Turner is the only rival of his. David Sylvester is a great art critic who is able to say what he says. Turner has contributed to a new art movement of the world, by turning in his last years to the light in painting, and eventually helping to create Impressionistic and abstract painting. Constable is no less important, as Sylvester says:
Wordsworth is limpid, reflective, precisely evocative of the joy or panic the poet has experienced in the face of given phenomena and of the mark this has left upon him; he essentially talks about the phenomena, does not re-create their substance, does not make them immediate. Constable’s paintings are congested, packed with sensation, are among the most physically immediate pictures ever painted: they take us there. (260)
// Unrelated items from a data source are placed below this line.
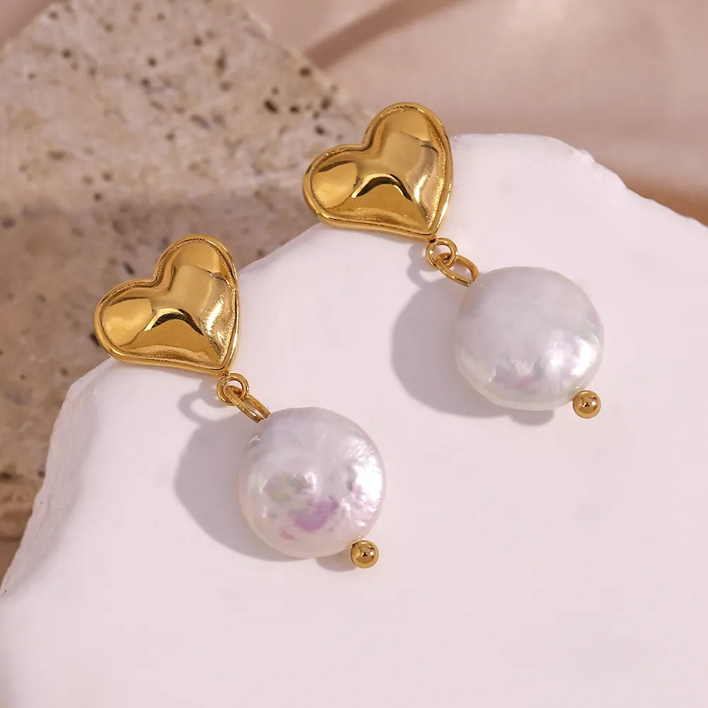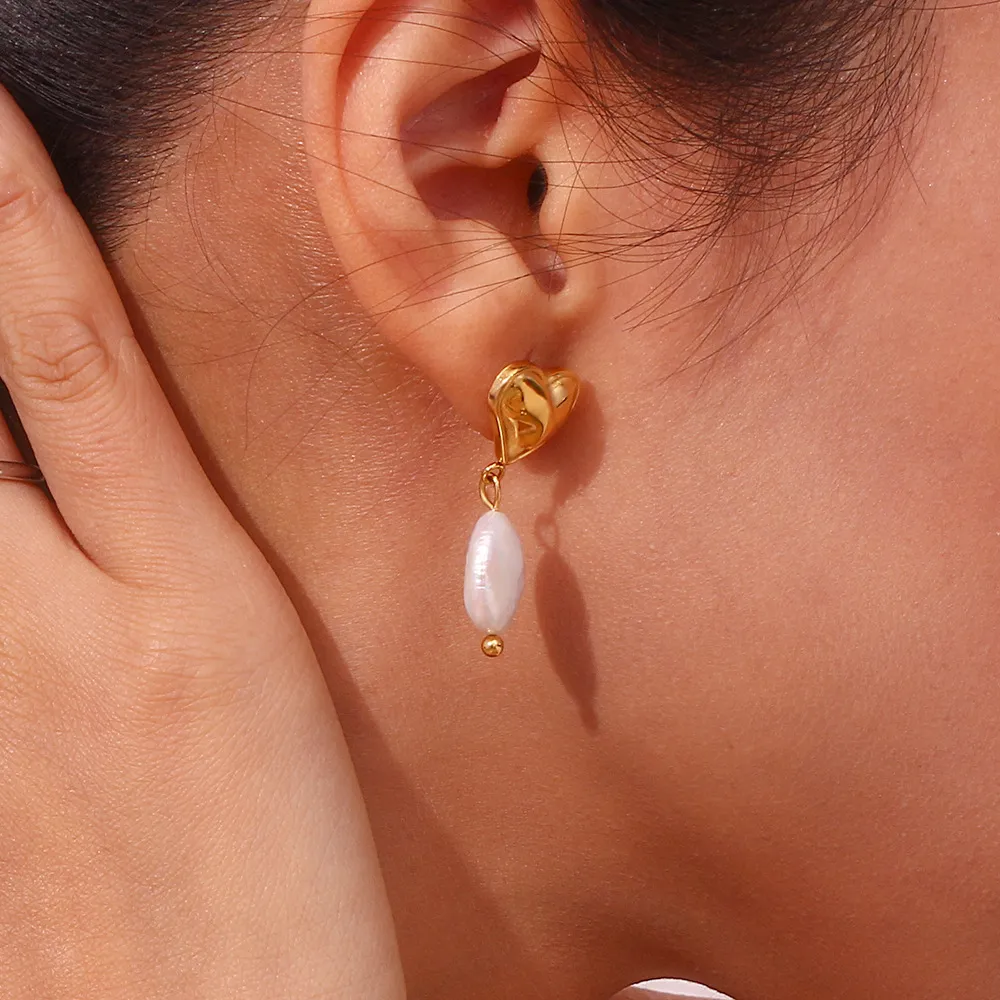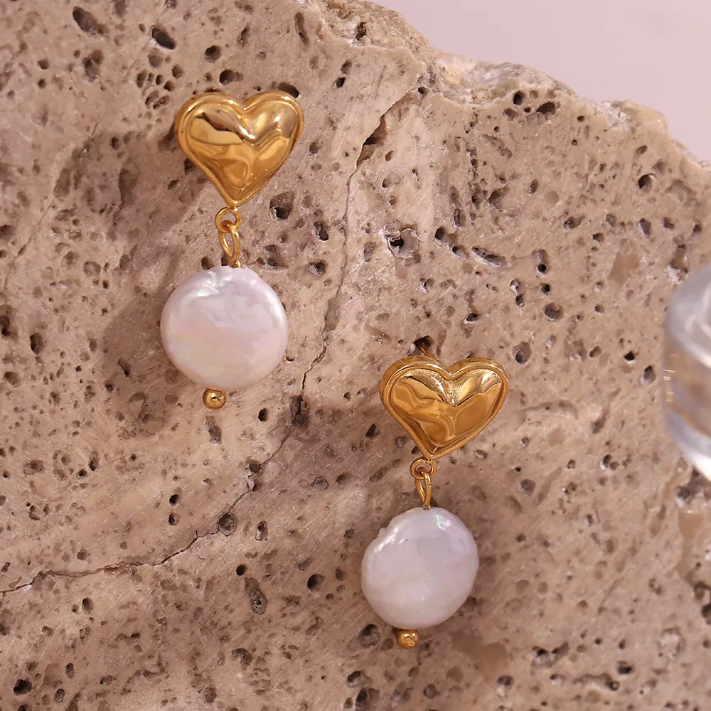 Color: Peach heart freshwater pearl pendant earrings-Gold
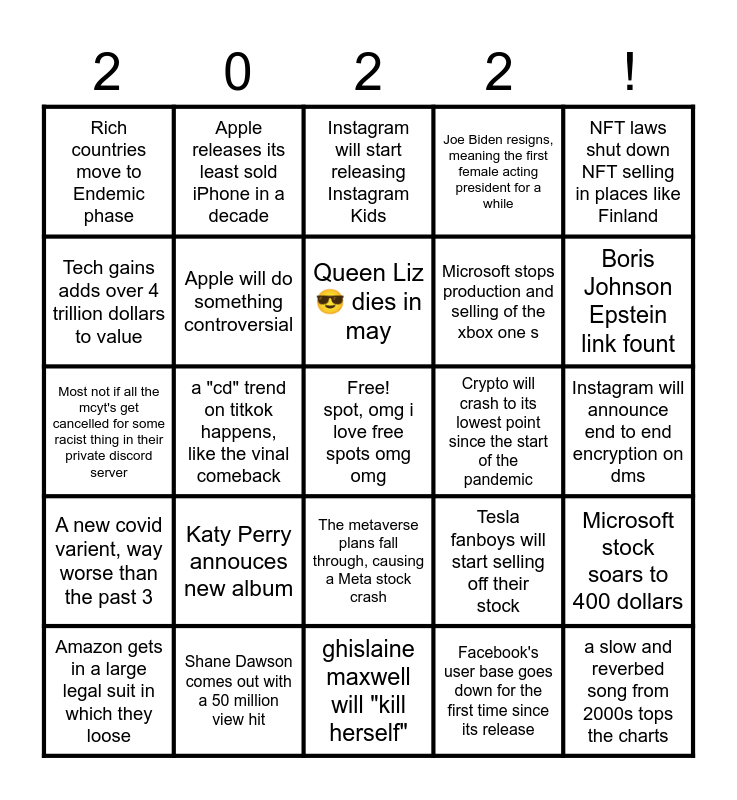This bingo card has a free space and 24 words: Katy Perry annouces new album, Shane Dawson comes out with a 50 million view hit, Queen Liz 😎 dies in may, Amazon gets in a large legal suit in which they loose, NFT laws shut down NFT selling in places like Finland, Rich countries move to Endemic phase, Tech gains adds over 4 trillion dollars to value, Apple releases its least sold iPhone in a decade, Crypto will crash to its lowest point since the start of the pandemic, The metaverse plans fall through, causing a Meta stock crash, Microsoft stops production and selling of the xbox one s, Most not if all the mcyt's get cancelled for some racist thing in their private discord server, Tesla fanboys will start selling off their stock, Microsoft stock soars to 400 dollars, Apple will do something controversial, Facebook's user base goes down for the first time since its release, Instagram will announce end to end encryption on dms, Instagram will start releasing Instagram Kids, Boris Johnson Epstein link fount, a "cd" trend on titkok happens, like the vinal comeback, a slow and reverbed song from 2000s tops the charts, A new covid varient, way worse than the past 3, Joe Biden resigns, meaning the first female acting president for a while and ghislaine maxwell will "kill herself".
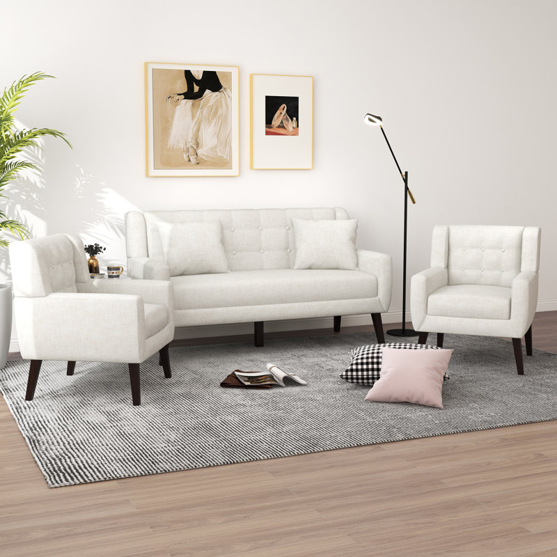 The cushion and backrest of this armchair are made of high-density and high-resilient native foam, which can provide maximum comfort for you. Soft linen fabric foam padded cushions with enough width and depth to give you hours of comfortable sitting without sacrificing fashion and style. The armrests and frame are made of solid wood, there is no peculiar smell, and no color difference and the accent chairs for the living room are so sturdy that can hold up to 440 pounds (static load capacity). This mid-century modern couch lights up your whole home with modern craftsmanship and classic aesthetics. Stylish tufted linen upholstery with a mid-century low-profile design, adding more features to your living room. If you require a perfect small space solution for your home or stylish and functional furniture for your apartment, our love-seat are the perfect choice for your needs. This loveseat sofa will be a favorite spot for leisure in your home. It is 62.97 inches wide and spacious enough for 2 people.
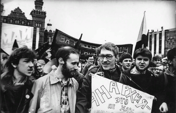 Первый выход общества «Мемориал» и бывших политзаключенных на Красную площадь во время первомайской демонстрации 1990 г. (фото Дмитрий Борко)
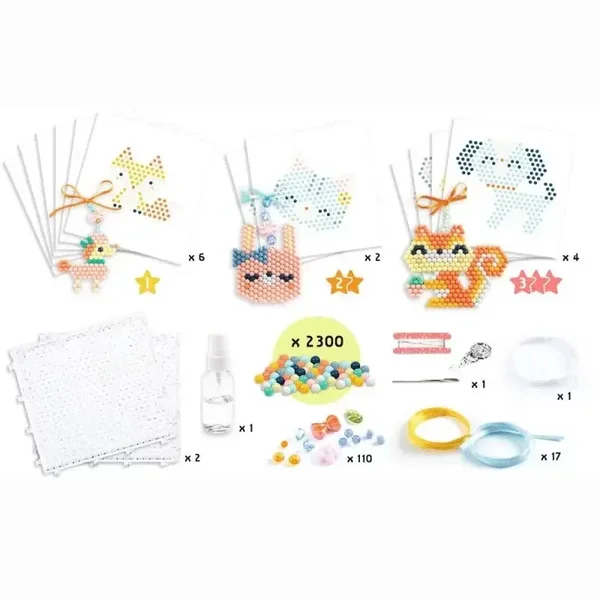 Réalise 12 modèles d'(animaux tous plus mignons les uns que les autres avec cette Aqua Box Fourrures et ces perles qui collent à l'eau! Dès 6 ans.

That is to say, Constable is to me father of Modernist painting, including Expressionism and action painting.
Lecture 12
Cy Twombly is like Picasso, after Picasso. He takes everything and turns it into his own painting, which is an amazing ability. Today we are going to read David Sylvester’s essay, “Twombly,” which is about Twombly’s sculpture. When you look at his sculptures, it may be confusing and you may be unable to think what to think. Art is convention: art is what we have learned to look at. Sylvester is capable of giving us both history of art and new intuition. On finishing reading his essay we are ready to read any Cy Twomblys. Let’s go read his essay.
Lecture 13
This is the last lecture this semester. We have covered Synge, Dickens, Shakespeare, Yeats, Constable, and Twombly: they probably are the best of writers so far and the best of artists so far. Work is not in a vacuum: it’s in society, language, art, nature, man, intellect, feeling, emotion, thinking. Reading it enriches humanity.
Twombly’s painting is a result of a long history of art, and if you understand all before him, you can understand and even appreciate his art. It is one of the reasons that art collectors pay so much for his painting. Is it simply an act of investment to make money? I don’t think so.